- [Required action] Return exactly, please, the lines from the one containing "- Об’ємне оформлення" to the last line of the entries below, and nothing else, leaving pictures out.

(Collection entries)
● ● ● ●

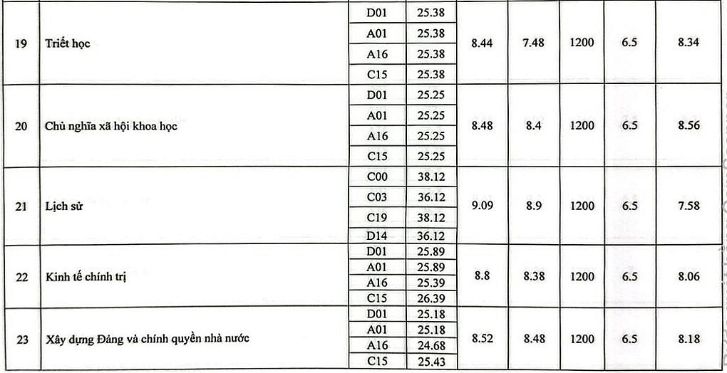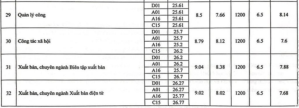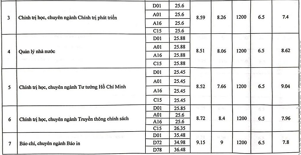 Ngành Xây dựng Đảng và chính quyền nhà nước lấy 24,68 tại tổ hợp A16 (Toán, Văn và Khoa học Tự nhiên), thấp nhất trong thang này. Các ngành khác gần như không dưới 25.
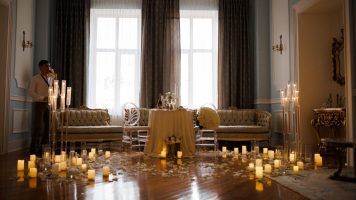 - Об’ємне оформлення свічками (50 шт) та пелюстками троянд;
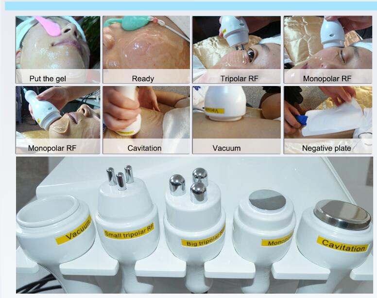 4) Kavitation + Vakuum + RF Griff:Verwendbar zu 6 Arten des Therapiebereichs, um die Behandlung auf der Ecke des Auges und anderer Bereich auf Gesicht sicherzustellen.
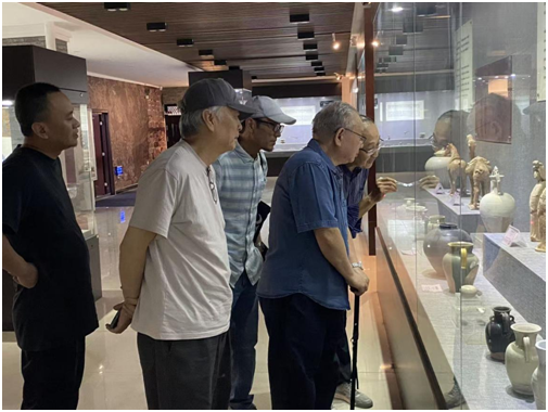 本站讯 9月10日,中国国家画院研究员、河南省书画院原院长、河南省美术家协会原副主席曹新林,河南省美术家协会顾问、国家艺术基金评委、河南省美术馆原馆长化建国和周口师范学院美术馆馆长李士仓一行,由魏跃进教授陪同到365英国上市集团官网大观博物馆调研考察宋代陶模范研究。
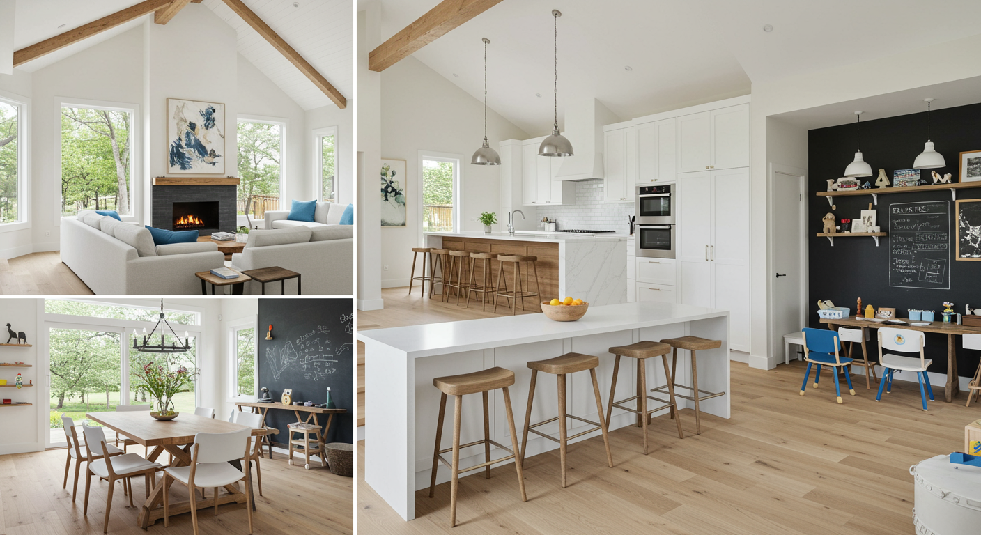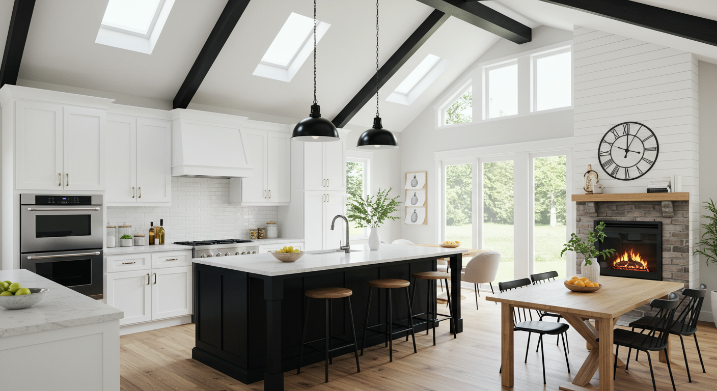 This 2019 rustic contemporary home w/Post & beam cathedral ceilings & flooded with natural light, suits any stage of life. Main floor includes a master suite, den, mudroom, laundry, ½ BA, great room, eat-in kitchen & formal dining.
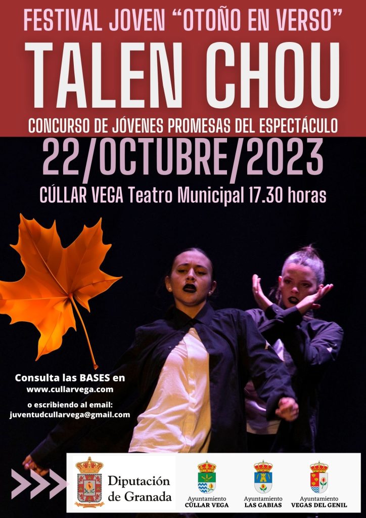 Diputación de Granada y los Ayuntamientos de Cúllar Vega, Las Gabias y Vegas del Genil convocan el Concurso “TALEN CHOU – jóvenes promesas del espectáculo” dentro de la programación del Festival Joven “Otoño en Verso 2023”, con arreglo a las siguientes BASES:
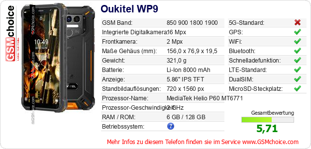 Hast du eigene Webseite? Willst du die Informationen über Standarddaten des Handys Oukitel WP9 irgendwo veröffentlichen? Das ist sehr einfach. Du kannst das Bild herunterladen oder kopieren und auf der Webseite folgenden Code hinzufügen:Das Einfügen von diesem Code verursacht das Anzeigen von dem folgenden Bild:

● ● ● ●

- [Result of this task]
 - Об’ємне оформлення свічками (50 шт) та пелюстками троянд;
 4) Kavitation + Vakuum + RF Griff:Verwendbar zu 6 Arten des Therapiebereichs, um die Behandlung auf der Ecke des Auges und anderer Bereich auf Gesicht sicherzustellen.
 本站讯 9月10日,中国国家画院研究员、河南省书画院原院长、河南省美术家协会原副主席曹新林,河南省美术家协会顾问、国家艺术基金评委、河南省美术馆原馆长化建国和周口师范学院美术馆馆长李士仓一行,由魏跃进教授陪同到365英国上市集团官网大观博物馆调研考察宋代陶模范研究。
 This 2019 rustic contemporary home w/Post & beam cathedral ceilings & flooded with natural light, suits any stage of life. Main floor includes a master suite, den, mudroom, laundry, ½ BA, great room, eat-in kitchen & formal dining.
 Diputación de Granada y los Ayuntamientos de Cúllar Vega, Las Gabias y Vegas del Genil convocan el Concurso “TALEN CHOU – jóvenes promesas del espectáculo” dentro de la programación del Festival Joven “Otoño en Verso 2023”, con arreglo a las siguientes BASES:
 Hast du eigene Webseite? Willst du die Informationen über Standarddaten des Handys Oukitel WP9 irgendwo veröffentlichen? Das ist sehr einfach. Du kannst das Bild herunterladen oder kopieren und auf der Webseite folgenden Code hinzufügen:Das Einfügen von diesem Code verursacht das Anzeigen von dem folgenden Bild:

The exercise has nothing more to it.